Exercise requirements>
Within the listing that follows, reproduce exactly the lines starting at the line with "The waffle was" and ending at the line with "(Left/Above) Sketch map", inclusive, and only those. Pictures are dropped.

Provided material>
'''

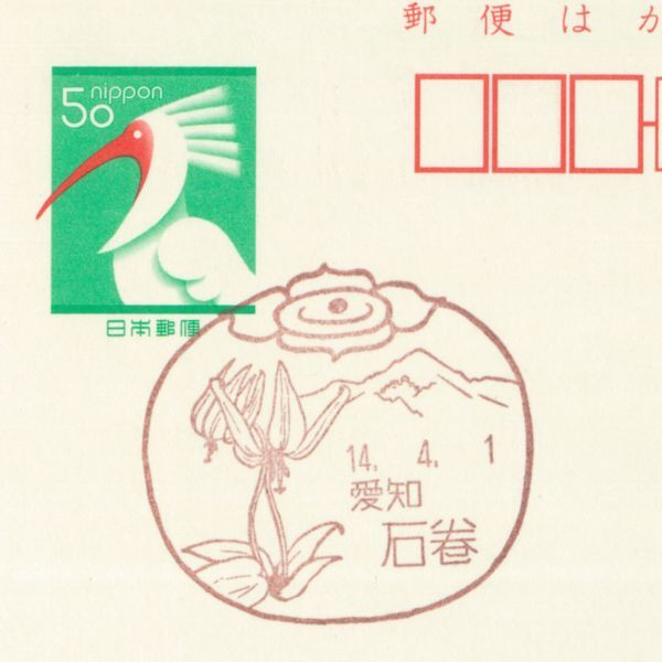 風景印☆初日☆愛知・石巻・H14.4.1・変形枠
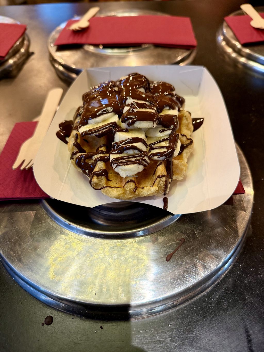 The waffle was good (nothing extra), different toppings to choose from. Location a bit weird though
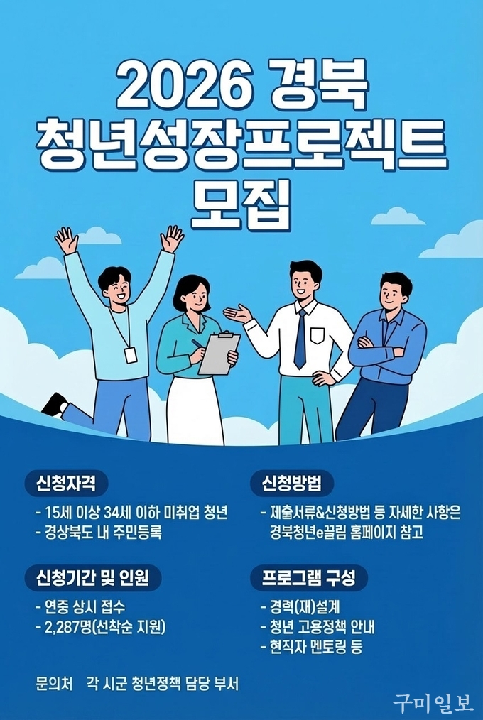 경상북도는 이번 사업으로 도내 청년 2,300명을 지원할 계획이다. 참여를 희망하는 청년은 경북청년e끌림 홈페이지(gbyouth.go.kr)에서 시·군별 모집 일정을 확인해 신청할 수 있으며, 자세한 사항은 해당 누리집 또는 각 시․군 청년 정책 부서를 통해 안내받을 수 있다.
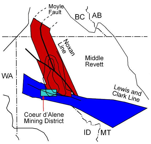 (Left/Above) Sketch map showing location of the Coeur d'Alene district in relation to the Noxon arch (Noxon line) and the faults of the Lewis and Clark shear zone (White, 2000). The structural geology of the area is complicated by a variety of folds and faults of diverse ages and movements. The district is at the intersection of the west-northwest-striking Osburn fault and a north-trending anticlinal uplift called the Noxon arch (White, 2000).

'''
'''

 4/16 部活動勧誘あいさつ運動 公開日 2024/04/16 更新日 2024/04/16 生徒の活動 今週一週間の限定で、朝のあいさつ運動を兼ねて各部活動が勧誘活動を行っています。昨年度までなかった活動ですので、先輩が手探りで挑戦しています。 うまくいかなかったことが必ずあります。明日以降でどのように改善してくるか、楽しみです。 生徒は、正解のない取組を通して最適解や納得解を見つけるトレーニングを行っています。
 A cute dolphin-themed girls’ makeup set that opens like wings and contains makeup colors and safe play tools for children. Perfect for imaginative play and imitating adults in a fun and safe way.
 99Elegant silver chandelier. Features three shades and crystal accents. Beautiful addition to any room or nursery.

'''

Response for this exercise>
 The waffle was good (nothing extra), different toppings to choose from. Location a bit weird though
 경상북도는 이번 사업으로 도내 청년 2,300명을 지원할 계획이다. 참여를 희망하는 청년은 경북청년e끌림 홈페이지(gbyouth.go.kr)에서 시·군별 모집 일정을 확인해 신청할 수 있으며, 자세한 사항은 해당 누리집 또는 각 시․군 청년 정책 부서를 통해 안내받을 수 있다.
 (Left/Above) Sketch map showing location of the Coeur d'Alene district in relation to the Noxon arch (Noxon line) and the faults of the Lewis and Clark shear zone (White, 2000). The structural geology of the area is complicated by a variety of folds and faults of diverse ages and movements. The district is at the intersection of the west-northwest-striking Osburn fault and a north-trending anticlinal uplift called the Noxon arch (White, 2000).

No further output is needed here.